TASK DETAILS:
Stop at the line containing "要進(jìn)行電阻測(cè)量,請(qǐng)將 RANGE 切換到1999.9,并將切換開(kāi)關(guān)切換到": every line of the listing from the first up to that one must be set down exactly.

SOURCE DATA:
···

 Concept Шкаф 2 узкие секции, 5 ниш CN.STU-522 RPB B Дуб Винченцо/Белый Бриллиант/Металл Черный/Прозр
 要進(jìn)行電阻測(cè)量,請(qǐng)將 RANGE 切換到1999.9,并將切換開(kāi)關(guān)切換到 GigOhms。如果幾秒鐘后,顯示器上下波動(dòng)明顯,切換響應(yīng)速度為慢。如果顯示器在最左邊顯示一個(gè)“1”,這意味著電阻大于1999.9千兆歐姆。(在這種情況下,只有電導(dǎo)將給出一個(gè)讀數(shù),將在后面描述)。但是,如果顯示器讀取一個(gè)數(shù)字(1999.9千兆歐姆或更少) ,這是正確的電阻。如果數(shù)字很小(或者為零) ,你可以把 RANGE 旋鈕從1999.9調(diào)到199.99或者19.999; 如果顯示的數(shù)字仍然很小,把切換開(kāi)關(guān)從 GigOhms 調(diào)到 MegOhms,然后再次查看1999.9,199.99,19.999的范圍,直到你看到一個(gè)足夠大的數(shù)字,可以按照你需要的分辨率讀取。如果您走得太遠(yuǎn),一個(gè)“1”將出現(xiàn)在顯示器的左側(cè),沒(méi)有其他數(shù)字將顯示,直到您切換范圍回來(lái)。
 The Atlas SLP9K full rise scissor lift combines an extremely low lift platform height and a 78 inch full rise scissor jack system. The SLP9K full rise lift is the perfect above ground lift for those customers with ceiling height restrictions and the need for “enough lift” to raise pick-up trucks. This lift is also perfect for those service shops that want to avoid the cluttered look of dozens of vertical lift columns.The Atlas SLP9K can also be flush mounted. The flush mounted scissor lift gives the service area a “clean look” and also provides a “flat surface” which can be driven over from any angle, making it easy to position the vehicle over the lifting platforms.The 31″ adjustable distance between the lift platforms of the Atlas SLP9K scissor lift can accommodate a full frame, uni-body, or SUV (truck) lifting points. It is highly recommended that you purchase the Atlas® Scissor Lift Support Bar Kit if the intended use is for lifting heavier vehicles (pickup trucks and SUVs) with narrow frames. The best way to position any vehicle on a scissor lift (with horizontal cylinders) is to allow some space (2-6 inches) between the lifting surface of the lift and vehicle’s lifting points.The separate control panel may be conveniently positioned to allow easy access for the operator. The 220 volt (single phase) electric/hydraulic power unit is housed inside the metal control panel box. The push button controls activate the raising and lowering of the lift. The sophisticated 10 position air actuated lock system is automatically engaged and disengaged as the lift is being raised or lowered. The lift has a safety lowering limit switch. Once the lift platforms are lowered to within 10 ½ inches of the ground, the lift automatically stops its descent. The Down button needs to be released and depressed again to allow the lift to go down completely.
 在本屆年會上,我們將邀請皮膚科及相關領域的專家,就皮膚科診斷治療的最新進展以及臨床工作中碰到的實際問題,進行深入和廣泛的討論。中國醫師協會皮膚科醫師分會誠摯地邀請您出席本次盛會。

···

EXERCISE RESULT:
 Concept Шкаф 2 узкие секции, 5 ниш CN.STU-522 RPB B Дуб Винченцо/Белый Бриллиант/Металл Черный/Прозр
 要進(jìn)行電阻測(cè)量,請(qǐng)將 RANGE 切換到1999.9,并將切換開(kāi)關(guān)切換到 GigOhms。如果幾秒鐘后,顯示器上下波動(dòng)明顯,切換響應(yīng)速度為慢。如果顯示器在最左邊顯示一個(gè)“1”,這意味著電阻大于1999.9千兆歐姆。(在這種情況下,只有電導(dǎo)將給出一個(gè)讀數(shù),將在后面描述)。但是,如果顯示器讀取一個(gè)數(shù)字(1999.9千兆歐姆或更少) ,這是正確的電阻。如果數(shù)字很小(或者為零) ,你可以把 RANGE 旋鈕從1999.9調(diào)到199.99或者19.999; 如果顯示的數(shù)字仍然很小,把切換開(kāi)關(guān)從 GigOhms 調(diào)到 MegOhms,然后再次查看1999.9,199.99,19.999的范圍,直到你看到一個(gè)足夠大的數(shù)字,可以按照你需要的分辨率讀取。如果您走得太遠(yuǎn),一個(gè)“1”將出現(xiàn)在顯示器的左側(cè),沒(méi)有其他數(shù)字將顯示,直到您切換范圍回來(lái)。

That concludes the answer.